A short excerpt from a talk by James Hansen at this year’s AGU meeting is in the The New York Review of Books (53:1):
The Earth’s climate is nearing, but has not passed, a tipping point beyond which it will be impossible to avoid climate change with far-ranging undesirable consequences. These include not only the loss of the Arctic as we know it, with all that implies for wildlife and indigenous peoples, but losses on a much vaster scale due to rising seas.
Ocean levels will increase slowly at first, as losses at the fringes of Greenland and Antarctica due to accelerating ice streams are nearly balanced by increased snowfall and ice sheet thickening in the ice sheet interiors.

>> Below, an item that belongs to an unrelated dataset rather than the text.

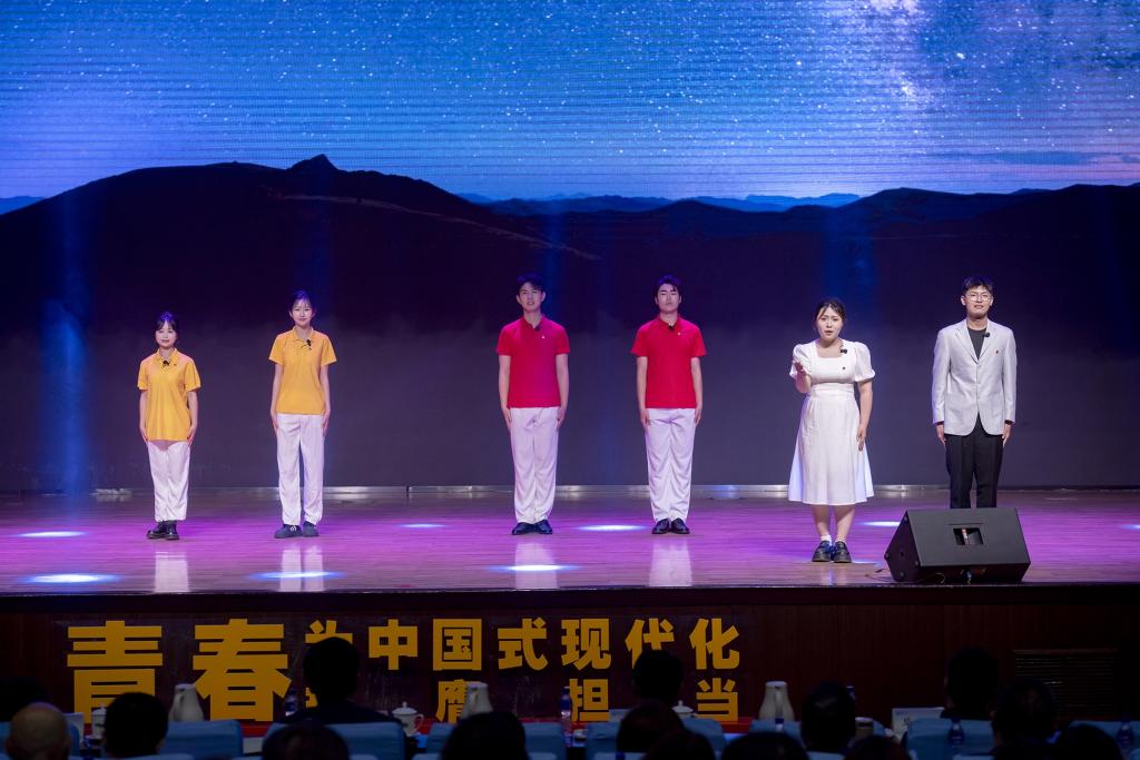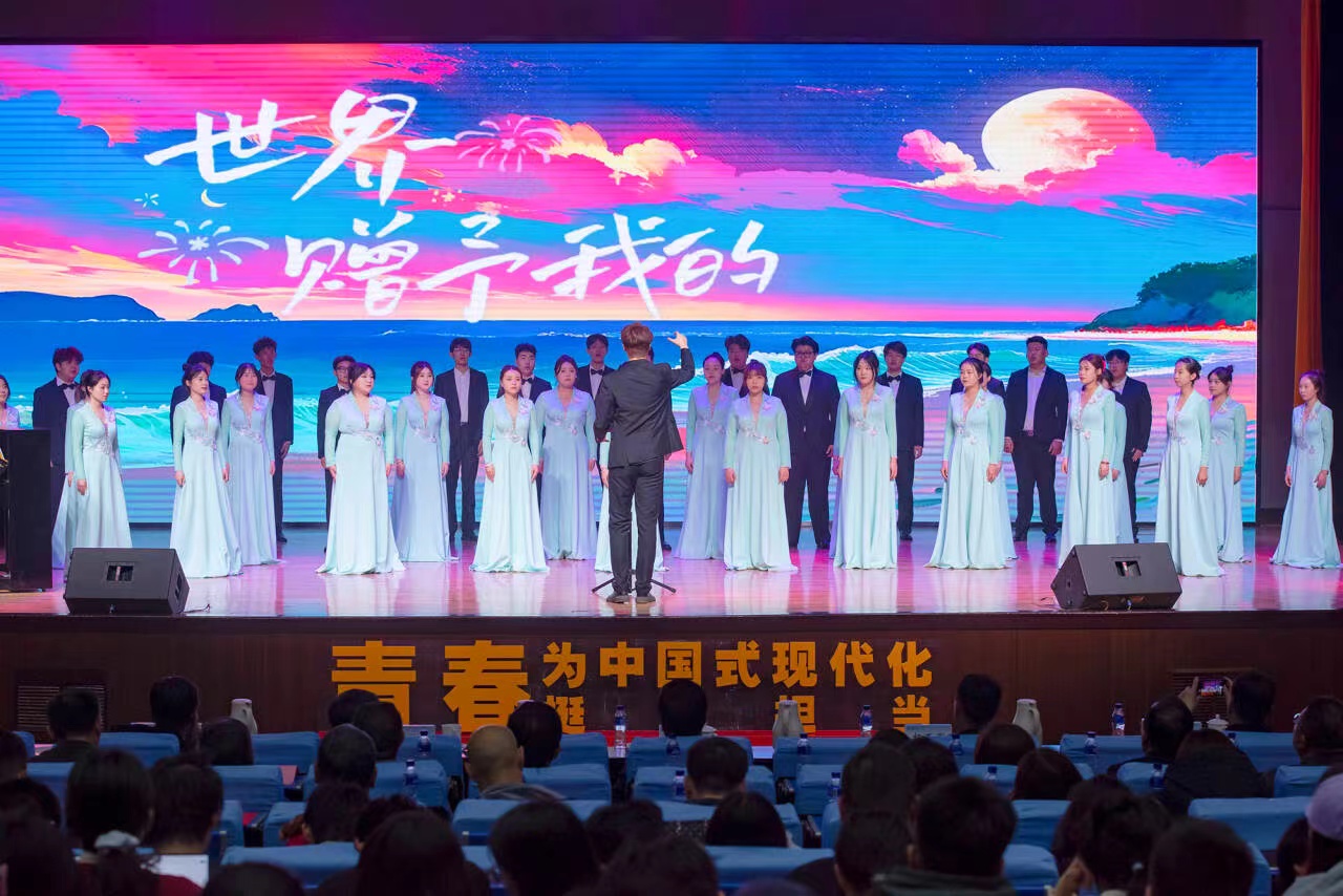 表彰環(huán)節(jié)中穿插了精彩的文藝節(jié)目,展現(xiàn)了煙大青年昂揚(yáng)向上的精神風(fēng)貌。主題MV《我們是煙大青年》記錄下煙大青年們?cè)趯?shí)驗(yàn)室里的專注目光、運(yùn)動(dòng)場(chǎng)上的矯健身姿、志愿服務(wù)中的溫暖笑靨,全方位展示了煙大學(xué)子的青春活力。朗誦《西去列車的窗口》深情描繪了投身西部計(jì)劃的青年們奔赴遠(yuǎn)方的堅(jiān)定身影,將“到祖國最需要處去”的誓言化作可感可知的視覺詩篇。歌曲《理想》唱出了煙大青年對(duì)理想的執(zhí)著追求。舞蹈《浮光》詮釋著青春的美好與活力。化學(xué)化工學(xué)院劉振興同學(xué)講述了“青春為中國式現(xiàn)代化挺膺擔(dān)當(dāng)”的故事,展現(xiàn)了煙大青年在科創(chuàng)報(bào)國使命面前的擔(dān)當(dāng)作為。合唱《世界贈(zèng)予我的》飽含感恩之情,《光榮啊,中國共青團(tuán)》激勵(lì)著煙大青年在新征程上不斷奮進(jìn)、勇往直前。

But as Greenland and West Antarctic ice is softened and lubricated by meltwater, and as buttressing ice shelves disappear because of a warming ocean, the balance will tip toward the rapid disintegration of ice sheets.

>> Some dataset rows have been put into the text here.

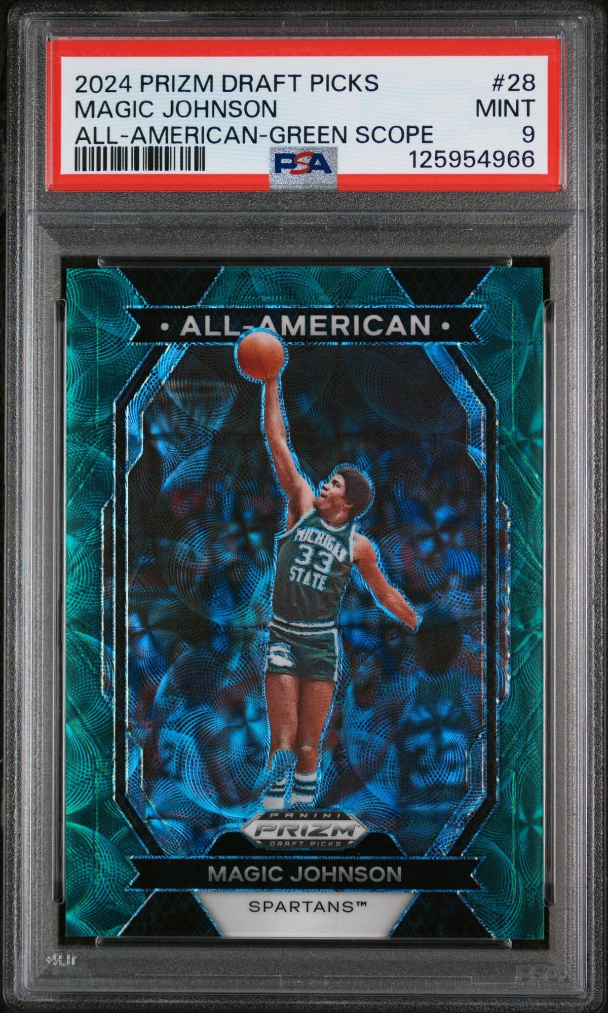 2024 Panini Prizm Draft Picks All-American Green Scope Magic Johnson #28 /8 PSA 9
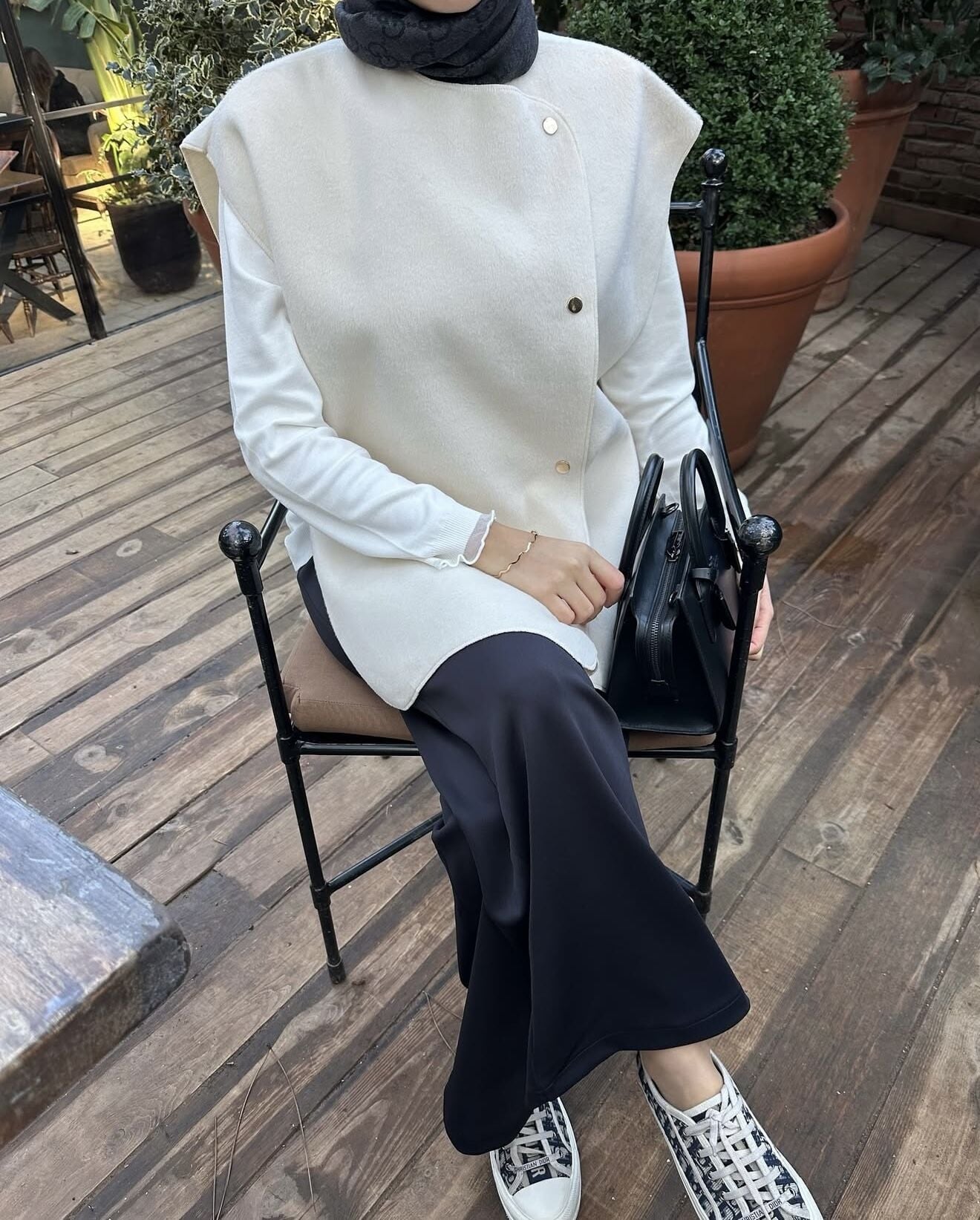 Çıt Çıtlı Kaşe Yelek (Ekru)
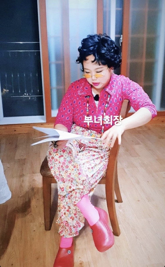 사진 속 홍현희는 꽃무늬 상·하의를 갖춰 입은 채 무언가를 보고 있다. 뽀글머리와 구슬 목걸이는 '부녀회장룩'에 정점을 찍는다. 어떤 촬영을 위해 갖춰입은 건지 궁금증을 자아낸다.
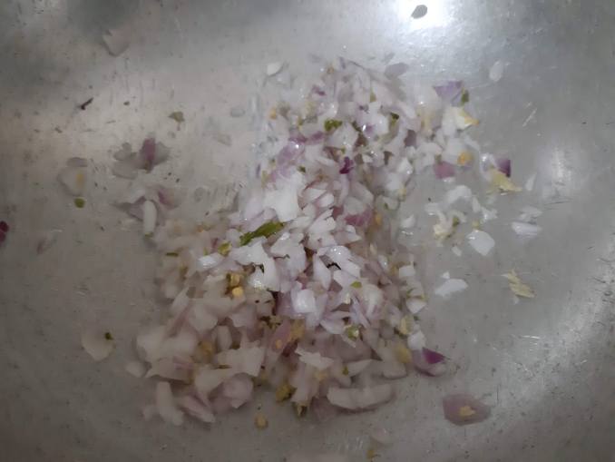 Take a skillet with oil in it. Once it heats up, add chopped onions, grated green chili and ginger.
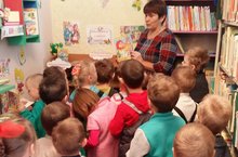 Экскурсия в библиотеку. Дети ходили в библиотеку знакомились с книжками. Так же делали апликацию)
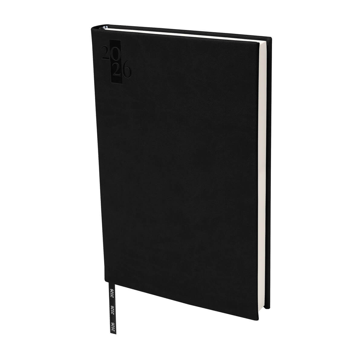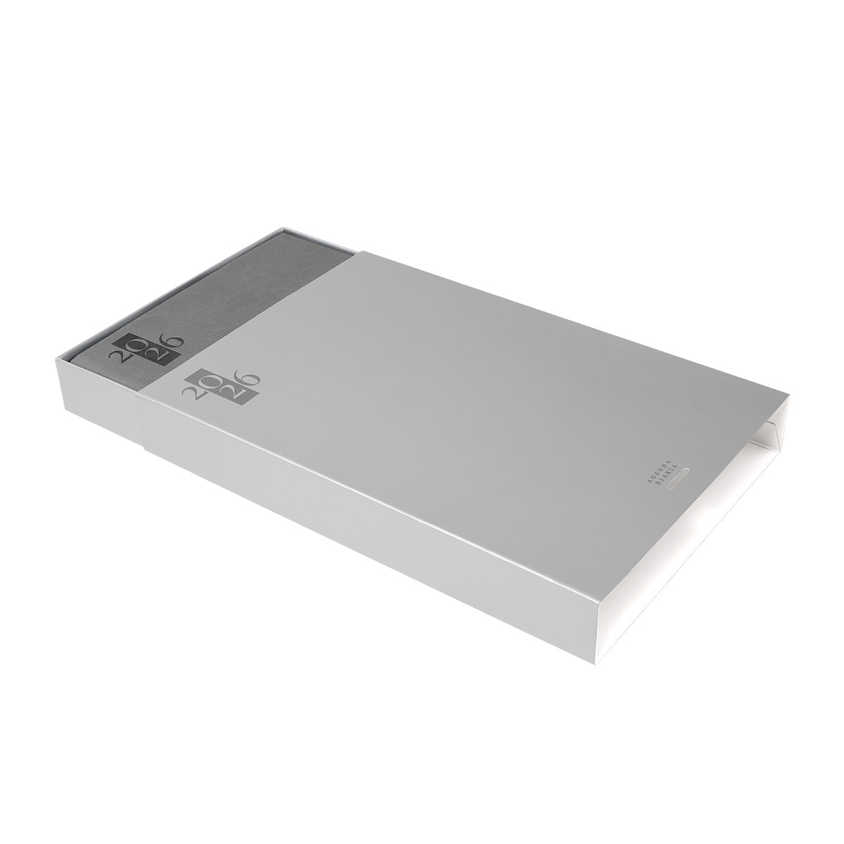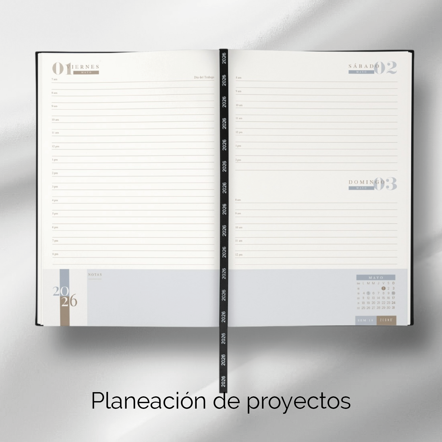 Agenda diaria con 186 hojas. Contiene datos personales, calendarios 2025-2026-2027, planeador 2026, presupuesto de gastos, seguimiento de nuevos hábitos, organizador de tareas, planeador de proyectos y días festivos. Incluye caja individual.

The Earth’s history suggests that with warming of two to three degrees, the new sea level will include not only most of the ice from Greenland and West Antarctica, but a portion of East Antarctica, raising the sea level by twenty-five meters, or eighty feet. Within a century, coastal dwellers will be faced with irregular flooding associated with storms. They will have to continually rebuild above a transient water level.
This grim scenario can be halted if the growth of greenhouse gas emissions is slowed in the first quarter of this century.
—From a presentation to the American Geophysical Union, December 6, 2005
In the same issue Bill McKibben has a related article, The Coming Meltdown, about climate change and recent popular books on climate change, including Mark Bowen’s Thin Ice.
McKibben writes about James Hansen’s 1988 congressional testimony on climate change, and describes the scientific response to scientific realization of the likliehood of anthropogenic climate change
Science, on the other hand, both rose to the occasion and failed badly. The world’s climatologists organized themselves into the Intergovernmental Panel on Climate Change, or IPCC, in those heady months of 1988. With large government funding that was partly made available because of Hansen’s warnings, the panels of experts soon had a vast collection of studies and computer models to pore over. And though the IPCC’s procedures were byzantine—they relied, Bowen writes, on “a peer review process…incalculably more cumbersome than anything ever applied to a scientific issue before”—the group eventually managed to reach a potent conclusion. By 1995, the IPCC was ready to conclude that “the balance of evidence suggests that there is a discernible human influence on global climate.” This result was remarkable: more than a thousand scientists, working through a process that allowed much political input from governments concerned to deny global warming, nonetheless found the evidence so overwhelming that they were able to state that one species, ours, was now changing pretty much everything on the face of the planet.
But at the same time, the conclusions were watered down and over-hedged, playing at least as much into the hands of the few remaining skeptics, who seized on every possible opportunity to dampen public concern. The scientific method, pursued in this fashion, seemed unequal to the gravity of the task at hand. Bowen writes, “I believe it is fair to say that serious scientific debate about the existence and potential danger of human-induced global warming died with that statement.” That is true—but it’s also true that it contributed remarkably little to the larger public debate, especially in the US. And that’s a failure for which scientists bear some of the blame.
Bowen quotes Hansen:
The scientific method does require that you continually question the conclusions that you draw and put caveats on the conclusion—but that can be misleading to the public. It seems to me that when we talk to the public we have to try to give a summary. And it’s not easy for most scientists to do—and not easy for me.
Clearly, for the mild-mannered Hansen, who has no taste for public controversy, it was not easy. But he did it. And for that, as well as for his original scientific work, he deserves not only enormous credit but also, I would suggest, the Nobel Prize, perhaps the first joint Chemistry-Peace award.
The Jan9, 2006 New Yorker also has an article, by Elizabeth Kolbert who wrote the climate of man series (and a forthcoming book on climate change), on the evolutionary and population response of plants and animals to current climate change, but it is not online.